Personal information
- Full name: Kristine Frøsig-Andersen
- Born: 2 April 1976 (age 50) Aalborg, Denmark
- Nationality: Danish
- Height: 172 cm (5 ft 8 in)
- Playing position: Playmaker

Youth career
- Team
- –: Sindal

Senior clubs
- Years: Team
- 1993–1996: Ikast fS
- 1996–1997: Bayer 04 Leverkusen
- 1997–2006: Ikast fS
- 2006–2007: SK Aarhus

National team
- Years: Team / Apps / (Gls)
- 1996–2004: Denmark / 106 / (305)

Medal record
Women's handball
Representing Denmark
Olympic Games
| Gold medal – first place | 1996 Atlanta | Team competition |
| Gold medal – first place | 2004 Athens | Team competition |
European Championship
| Gold medal – first place | 1996 Denmark |  |
| Gold medal – first place | 2002 Denmark |  |
| Silver medal – second place | 1998 Netherlands |  |

= Kristine Andersen =

Danish handball player (born 1976)

Kristine Andersen (born 2 April 1976) is a Danish former team handball player and two times Olympic champion. She won a gold medal with the Danish national team at the 1996 Summer Olympics in Atlanta, and again eight years later at the 2004 Summer Olympics in Athens.

==National team==
Kristine Andersen debuted on 20 February 1996. At her first Olympics in 1996 she was not a part of the initial planned team, and was only included due to injury. As the only Danish player, she did not play a single match. When Denmark later the same year won the 1996 European Women's Handball Championship, she was a more established part of the team.

She missed the 2000 Olympics in Sydney, Australia due to injury. After her return, was her breakthrough to become a stable part of the national setup. When the Danish golden generation of the 1990's began to retire, Andersen saw more playing time. At the 2002 European Championship where Denmark won the tournament for the third time, Andersen was a key figure for the national team.
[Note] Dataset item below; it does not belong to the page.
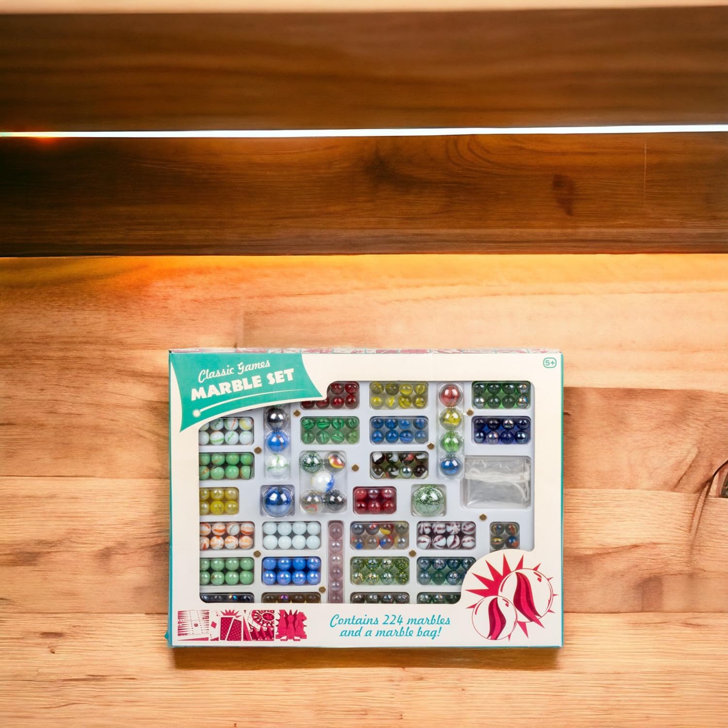 224 pezzi set di marmo Ampia varietà di colori e dimensioni Include borsa marmo Gioco suggerimenti sulla confezione Scatola larga 42.5 cm

She retired from the national team after Denmark won the 2004 Olympics in Athens, Greece; the third straight Danish gold medal.
==Club career==
Kristine Andersen started playing handball at Sindal before moving to Ikast fS. Here she played most of her career, with the exception of a single season at the German club Bayer 04 Leverkusen.

For many years Kristine Andersen was the first choice playmaker for Ikast fS. Here she won the Danish league, the EHF Cup and the EHF Cup Winners' Cup. In the 1993-94 edition of the Danish Handball Cup she was named the MVP. Despite that she and Ikast FS lost the final to Viborg HK.

She officially retired in June 2005 to focus on her civil career as a sales coordinator, partly because she and the club could not agree on salary terms. But returned to Ikast-Bording the following autumn during an injury crisis at the club. In September 2006 she returned to professional handball when she signed a one-season contract with the Danish club SK Aarhus, and after that ran out, she retired.